* [Task requirements]: Set the pictures aside and transcribe exactly the lines from the one containing "랩 디자인 셔츠 여성의" through the final line of the records.

(Records drawn from a dataset)
++++++++++++++++++++

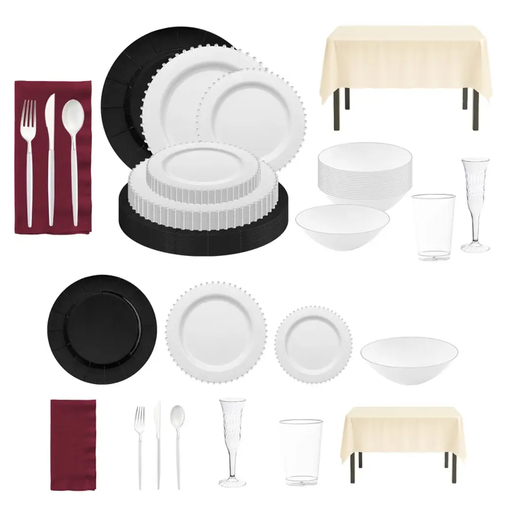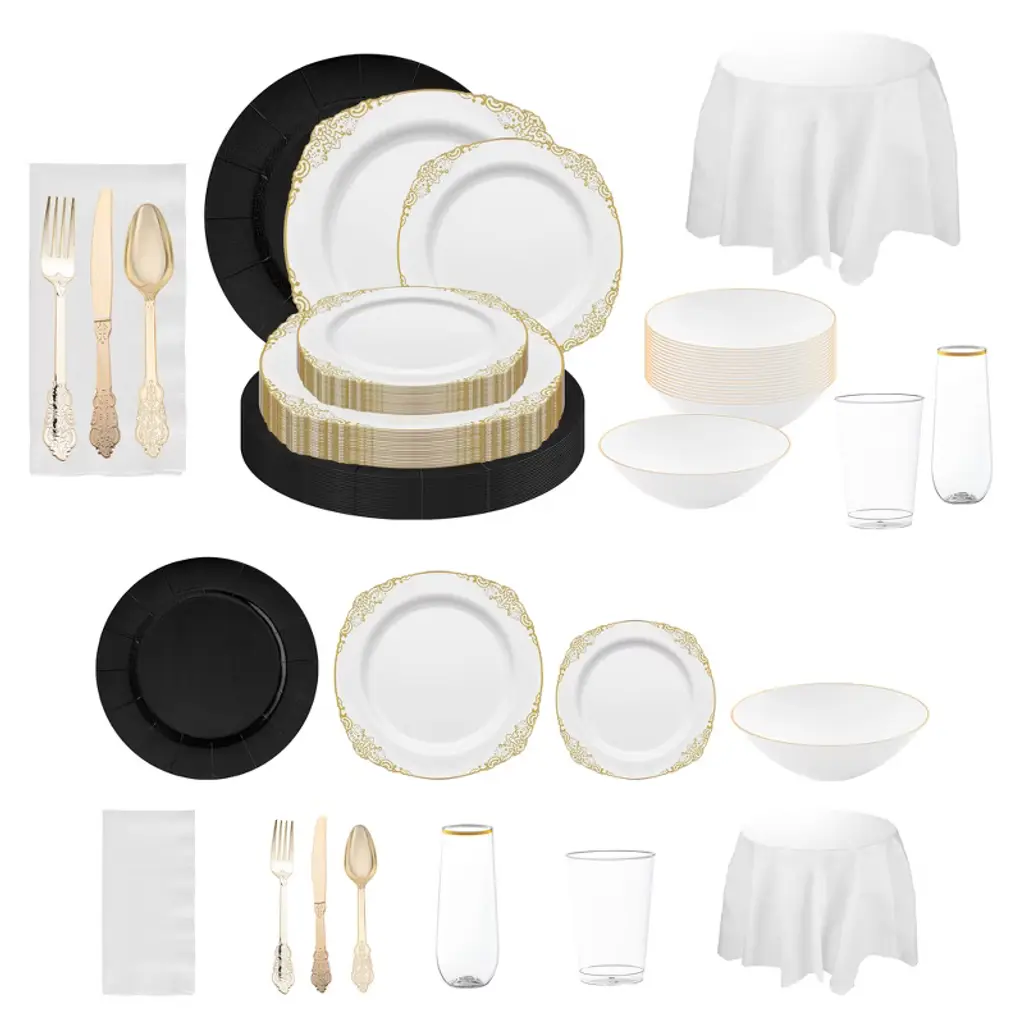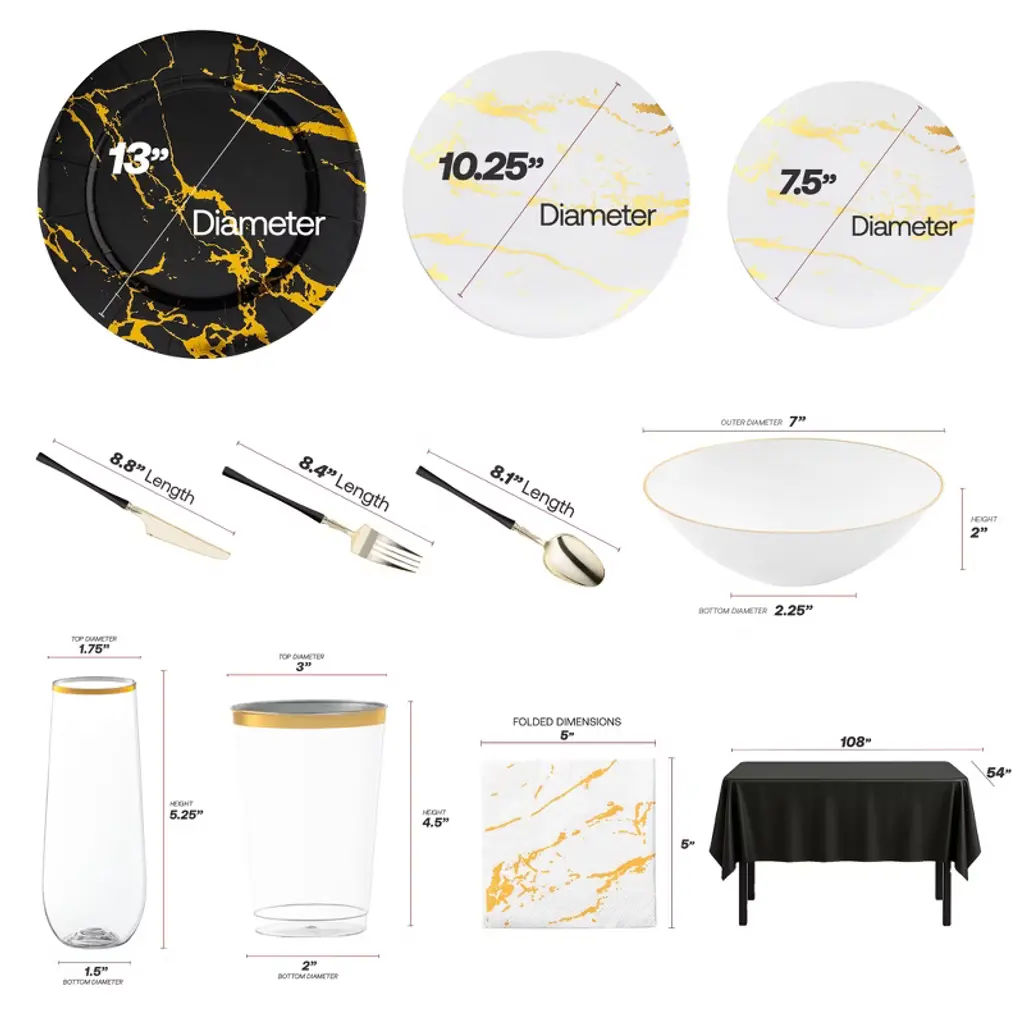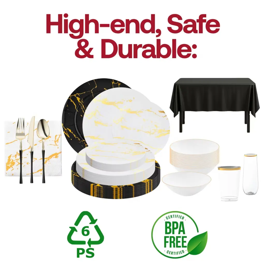 Host an unforgettable celebration with this premium dinnerware set for 100 guests, designed with black and gold charger plates, elegant white with gold dinnerware, and crystal-style champagne flutes. The coordinating gold with black flatware, black tablecloths, and white with gold beverage napkins create a polished and upscale tablescape. Made from durable, BPA-free premium plastic, this disposable dinnerware set offers both luxury and convenience, making it the perfect choice for weddings, banquets, corporate parties, anniversaries, and holiday gatherings.
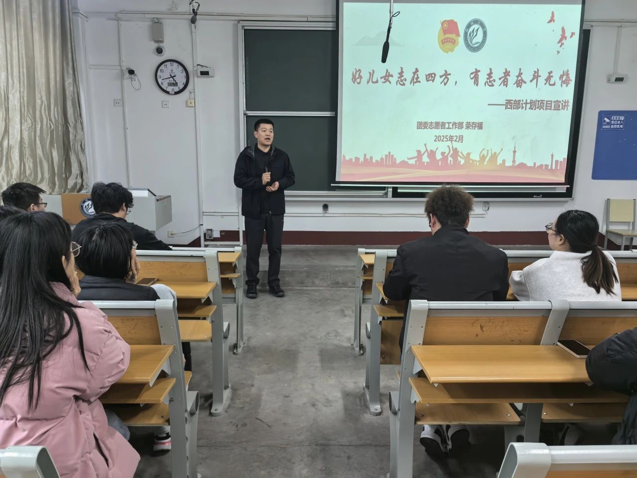 为让学生进一步了解大学生志愿服务西部计划,引导学生用实际行动践行“到西部去,到基层去,到祖国最需要的地方去”的号召,3月11日,无码影片 于无码影片 东校区2#101举办西部计划政策宣讲会,本次宣讲会特邀校团委志愿者工作部部长荣存福担任主讲人。
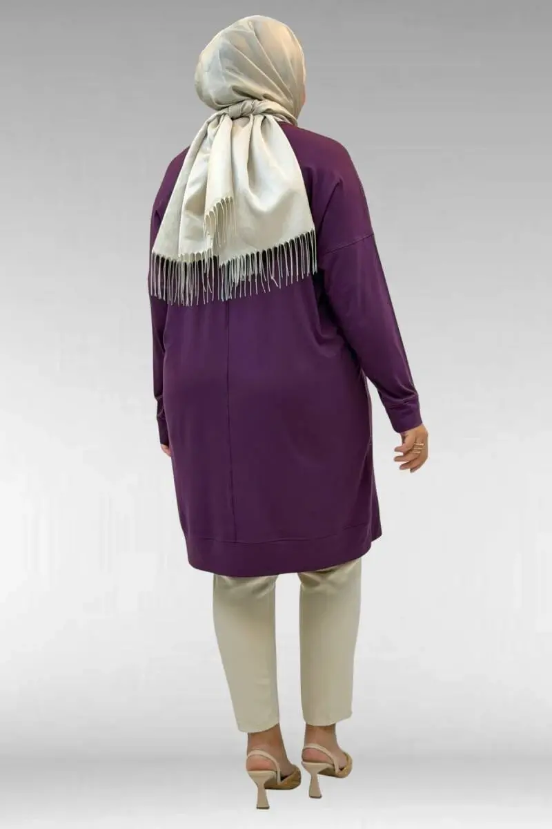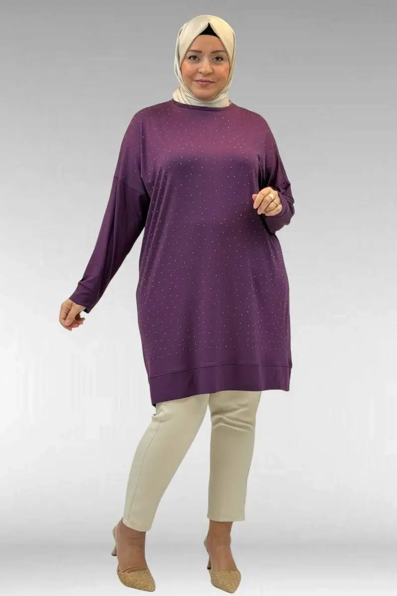 68001 Büyük Beden Önü Taş Baskı Detaylı Penye Tunik - Mürdüm
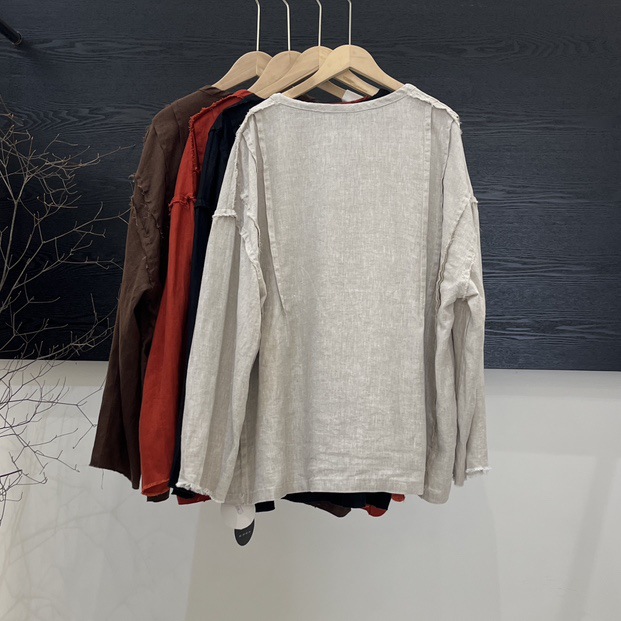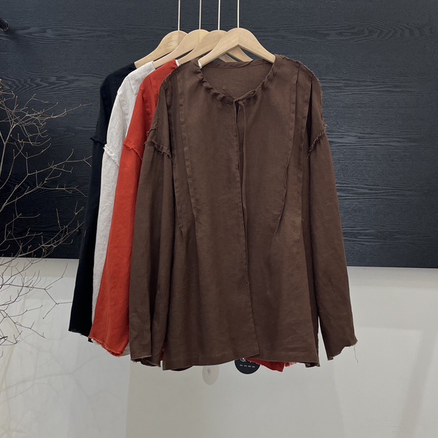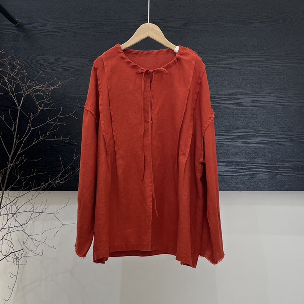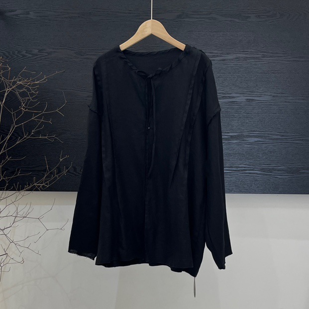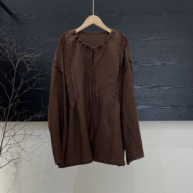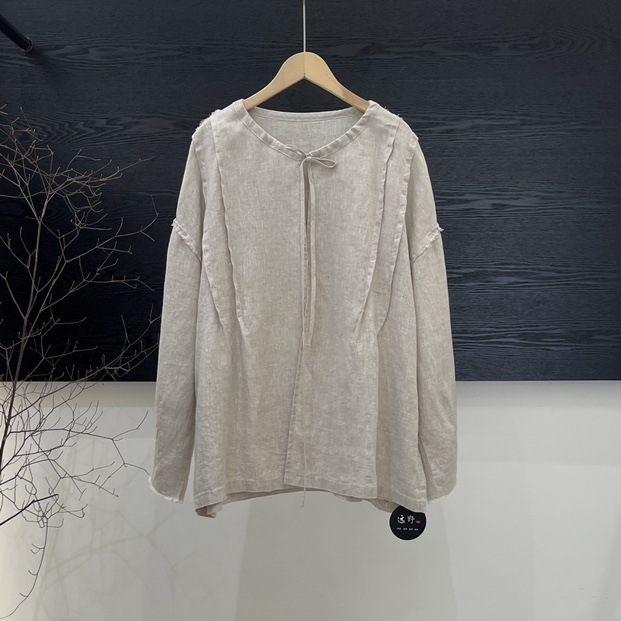 랩 디자인 셔츠 여성의 2025 봄 새로운 레트로 느슨한 라운드 넥 레이스 업 풀오버 셔츠스토어 가기
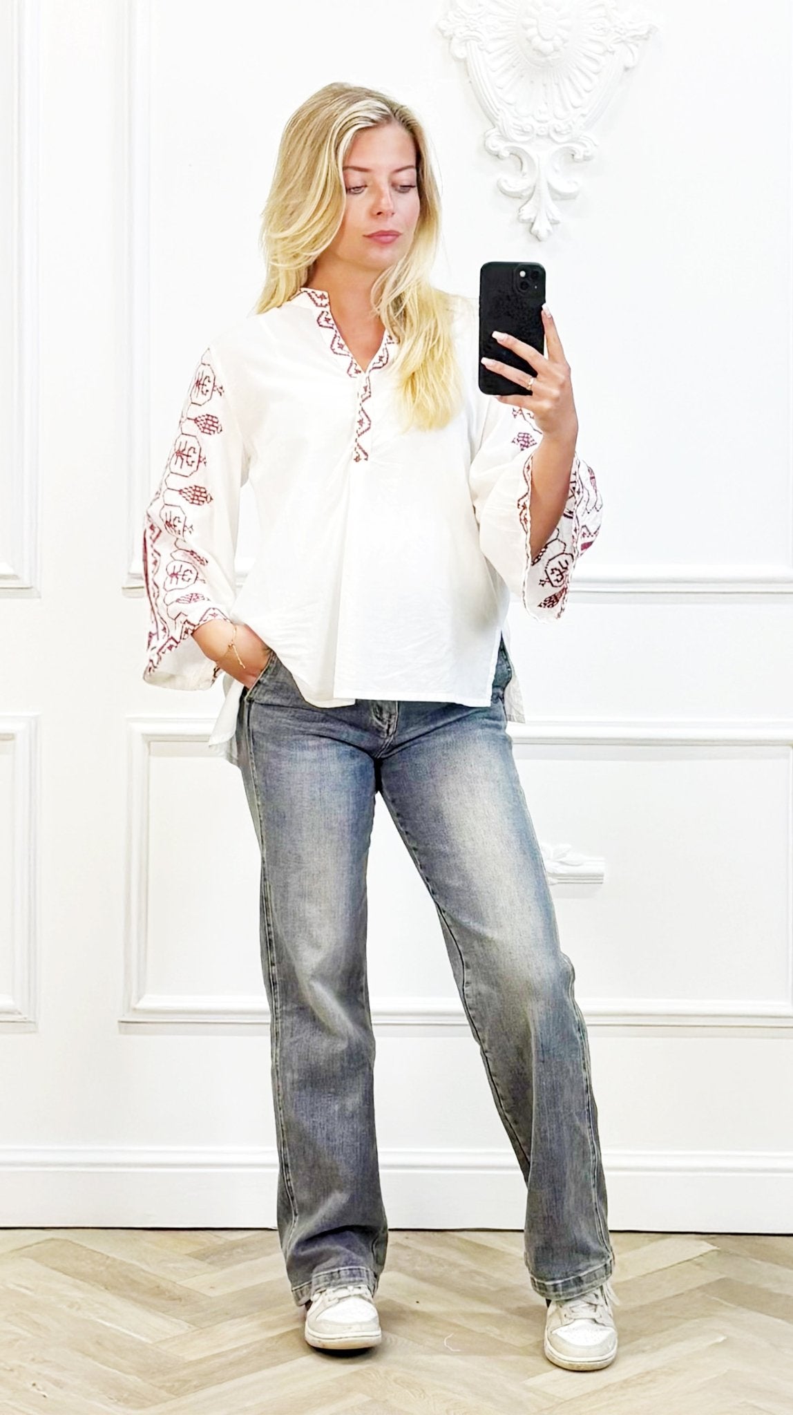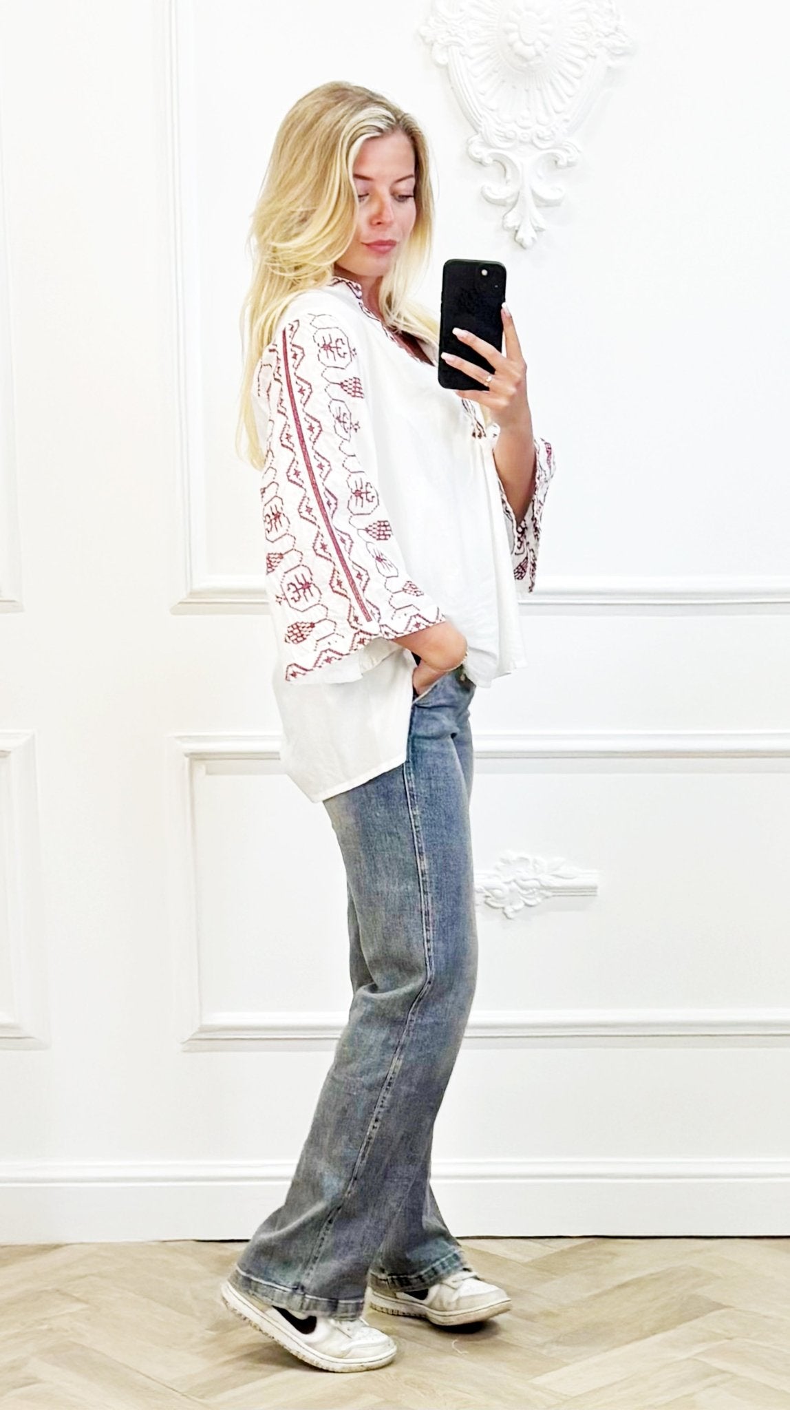 "Wijde Boho Top met Mouwenborduurwerk

++++++++++++++++++++

* [Solution for this problem]:
 랩 디자인 셔츠 여성의 2025 봄 새로운 레트로 느슨한 라운드 넥 레이스 업 풀오버 셔츠스토어 가기
 "Wijde Boho Top met Mouwenborduurwerk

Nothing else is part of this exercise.